Он почувствовал мучительную тоску. Вместе с болью уходила жизнь. Василий крепче ухватился за ствол платана, как за последнюю земную опору, но и могучее дерево его не удержало. Он опустился на колени и затих.
Подвыпившая компания, как-то очень быстро сообразив, что собутыльник помер, прихватила со стола оставшиеся деньги и бросилась врассыпную. Никому не хотелось иметь дело с милицией: станут допрашивать, а что говорить? У каждого рыльце в пуху. Так и пролежал бедолага под деревом до утра без сознания, когда на него, теперь уже бездыханного, наткнулся охранник санатория «Волна». Документов при покойном не обнаружили и отвезли труп прямо в сочинский морг.

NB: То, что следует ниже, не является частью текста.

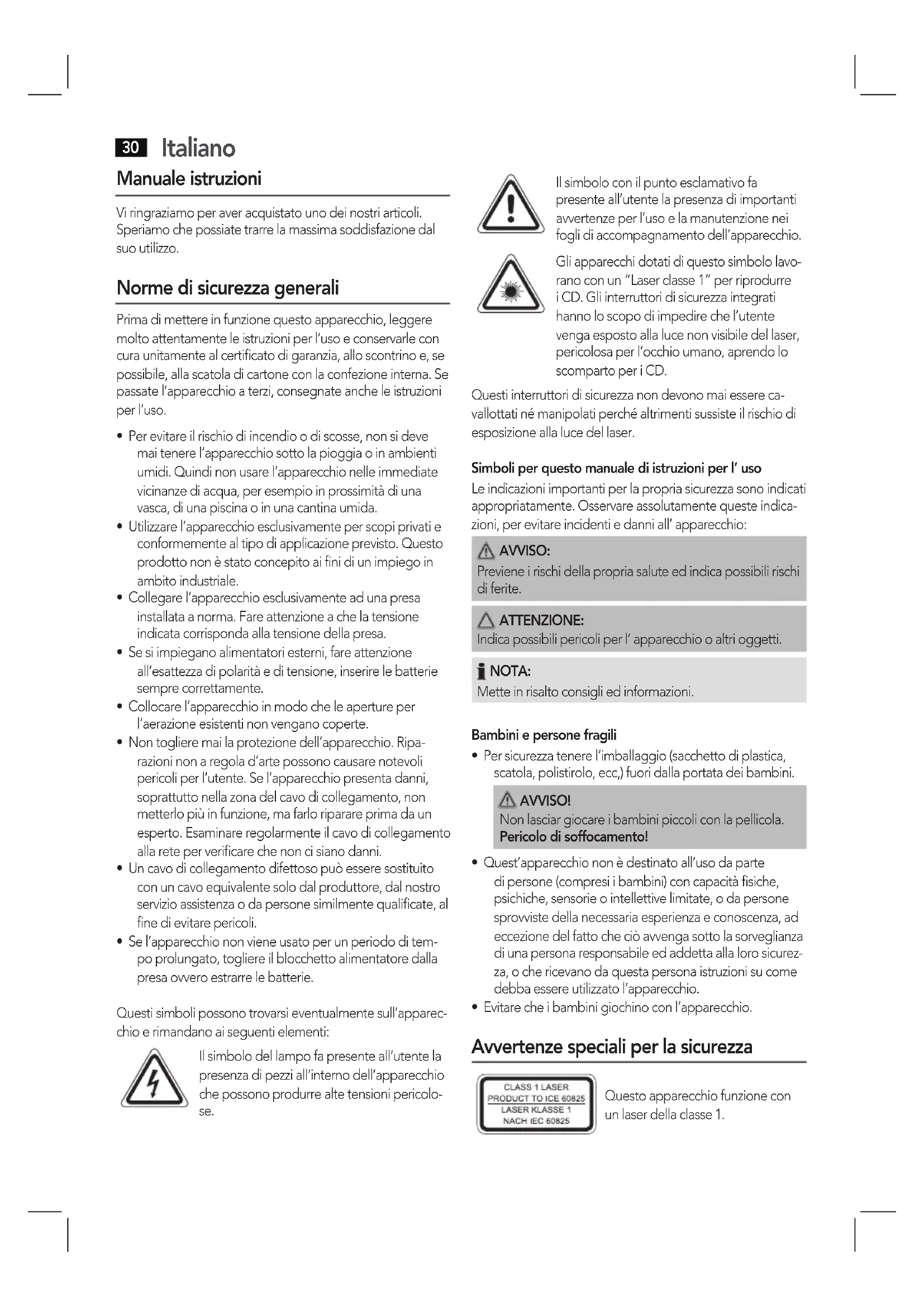 - Se l’apparecchio non viene usato per un periodo di tem- po prolungato, togliere il blocchetto alimentatore dalla presa ovvero estrarre le batterie. Questi simboli possono trovarsi eventualmente sull’apparec- chio e rimandano ai seguenti elementi: Il simbolo del lampo fa presente all’utente la presenza di pezzi all’interno dell’apparecchio che possono produrre alte tensioni pericolo- se. Il simbolo con il punto esclamativo fa presente all’utente la presenza di importanti avvertenze per l’uso e la manutenzione nei fogli di accompagnamento dell’apparecchio. Gli apparecchi dotati di questo simbolo lavo- rano con un “Laser classe 1” per riprodurre i CD. Gli interruttori di sicurezza integrati hanno lo scopo di impedire che l’utente venga esposto alla luce non visibile del laser, pericolosa per l’occhio umano, aprendo lo scomparto per i CD. Questi interruttori di sicurezza non devono mai essere ca- vallottati né manipolati perché altrimenti sussiste il rischio di esposizione alla luce del laser. Simboli per questo manuale di istruzioni per l’ uso Le indicazioni importanti per la propria sicurezza sono indicati appropriatamente. Osservare assolutamente queste indica- zioni, per evitare incidenti e danni all’ apparecchio: AVVISO: Previene i rischi della propria salute ed indica possibili rischi di ferite. ATTENZIONE: Indica possibili pericoli per l’ apparecchio o altri oggetti. NOTA: Mette in risalto consigli ed informazioni. Bambini e persone fragili
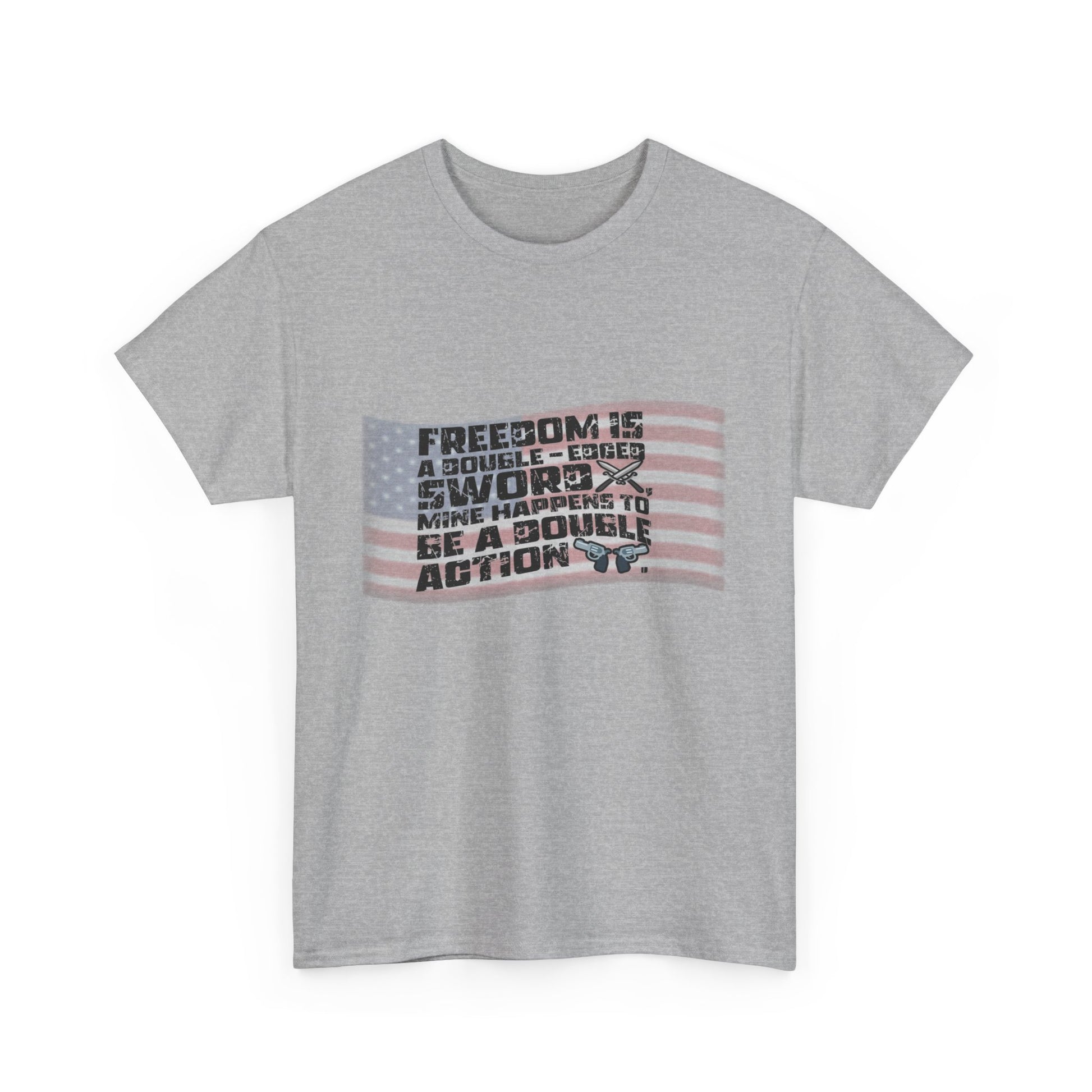 Make a bold statement with this unapologetically American design. Featuring the phrase "Freedom is a double-edged sword, mine happens to be a double action," this shirt blends grit, patriotism, and attitude.
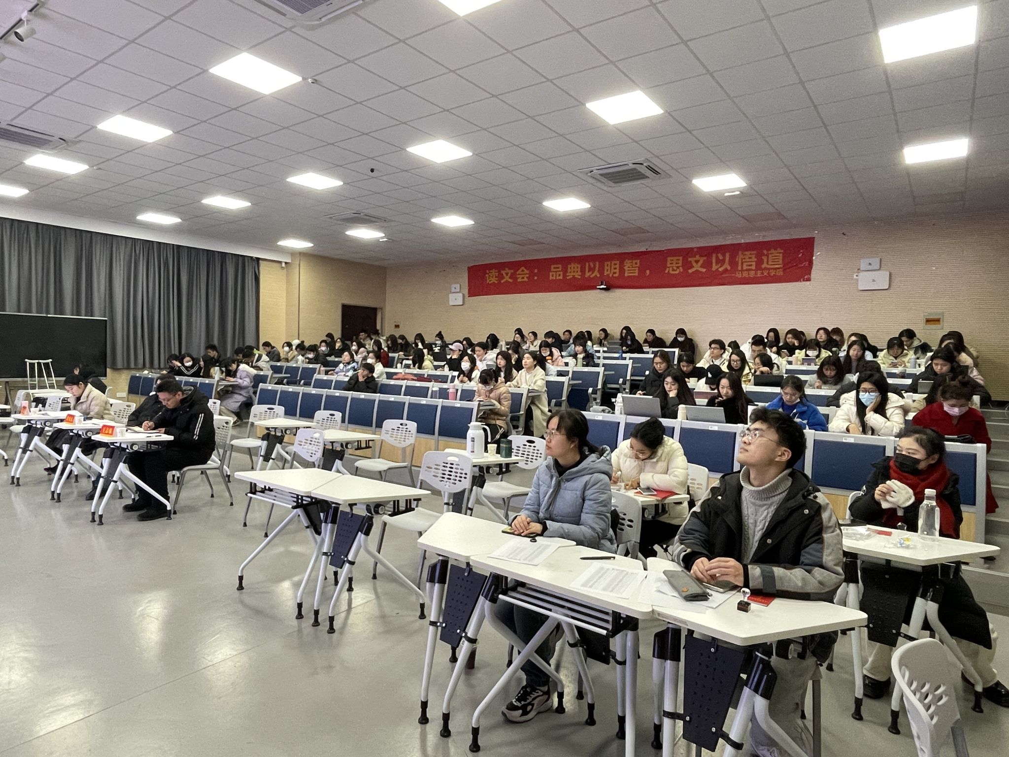 副教授路媛老师担任品评嘉宾。经过初步评选,罗荔枝、张杰和王运娇三位同学担任本期“读文会”汇报人,分别就各自研读的经典篇目与老师及同学进行了交流分享,与会同学互动热烈,会场学术氛围浓厚。

Через неделю Капитолину Панюшкину, которая подавала заявление об исчезновении супруга, пригласили опознать неизвестную личность, доставленную несколько дней назад из Хостинского района. И точно, в холодильнике ей показали Василия, умершего от инфаркта. Она узнала его не сразу — привыкла к глупой улыбочке, живости мимики и постоянным смешкам. Лицо усопшего выглядело значительным и серьезным, каким никогда не было при жизни. Значит, и правда — конец.
Капа взвыла, тем более что денег, пропавших из тайника, при покойном не нашли. Ну, Васька! Он и спер, больше некому. Все в мечтах летал, жил в свое удовольствие, не надрывался, а умер срамно — без причины, в одночасье, под кустом, словно бродяга! Она ничего не могла понять, но совсем сбилась с толку, когда ее позвали в нотариальную контору на оглашение завещания Зинаиды Сероповны Черемисиной-Писяк. Сначала даже идти не хотела, а потом подумала: да ладно, баба Зинка была не злая, состоятельная, может, что и обломится. Хотя с какой стати?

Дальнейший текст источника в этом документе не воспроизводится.